--- Dataset entries Enclosed Below ---
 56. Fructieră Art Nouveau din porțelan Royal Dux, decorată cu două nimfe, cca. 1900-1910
--- End of Enclosed Dataset entries ---
--- Dataset entries Enclosed Below ---
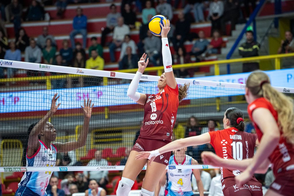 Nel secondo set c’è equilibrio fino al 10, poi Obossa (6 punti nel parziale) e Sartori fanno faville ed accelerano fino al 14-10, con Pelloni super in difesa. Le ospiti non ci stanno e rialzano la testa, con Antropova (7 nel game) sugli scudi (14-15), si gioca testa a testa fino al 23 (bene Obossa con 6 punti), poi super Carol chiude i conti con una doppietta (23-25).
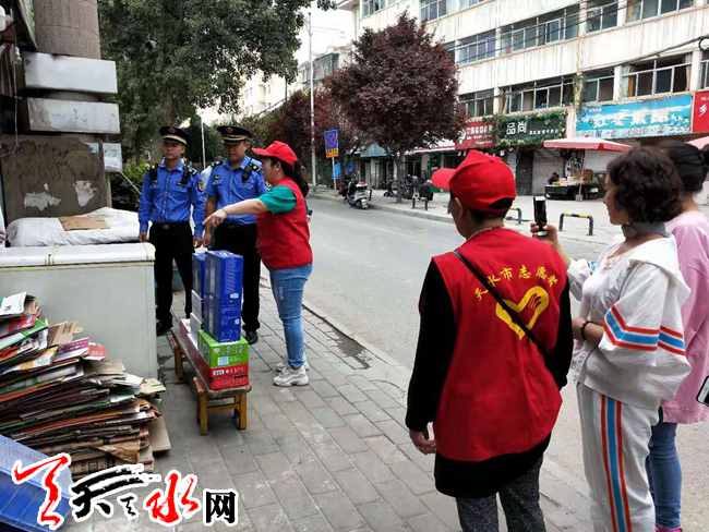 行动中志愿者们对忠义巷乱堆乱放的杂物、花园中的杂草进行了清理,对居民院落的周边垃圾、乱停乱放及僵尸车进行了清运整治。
--- End of Enclosed Dataset entries ---
--- Dataset entries Enclosed Below ---
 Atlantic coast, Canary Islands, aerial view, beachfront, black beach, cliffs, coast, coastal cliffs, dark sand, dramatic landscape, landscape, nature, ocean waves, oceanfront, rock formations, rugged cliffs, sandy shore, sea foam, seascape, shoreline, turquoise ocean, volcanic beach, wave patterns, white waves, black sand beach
--- End of Enclosed Dataset entries ---
* [Goal of the exercise]
Would you copy the lines above exactly, starting with the one that has "Nel secondo set" and ending with the one that has "行动中志愿者们对忠义巷乱堆乱", both included, without the pictures?

* [Solution]
 Nel secondo set c’è equilibrio fino al 10, poi Obossa (6 punti nel parziale) e Sartori fanno faville ed accelerano fino al 14-10, con Pelloni super in difesa. Le ospiti non ci stanno e rialzano la testa, con Antropova (7 nel game) sugli scudi (14-15), si gioca testa a testa fino al 23 (bene Obossa con 6 punti), poi super Carol chiude i conti con una doppietta (23-25).
 行动中志愿者们对忠义巷乱堆乱放的杂物、花园中的杂草进行了清理,对居民院落的周边垃圾、乱停乱放及僵尸车进行了清运整治。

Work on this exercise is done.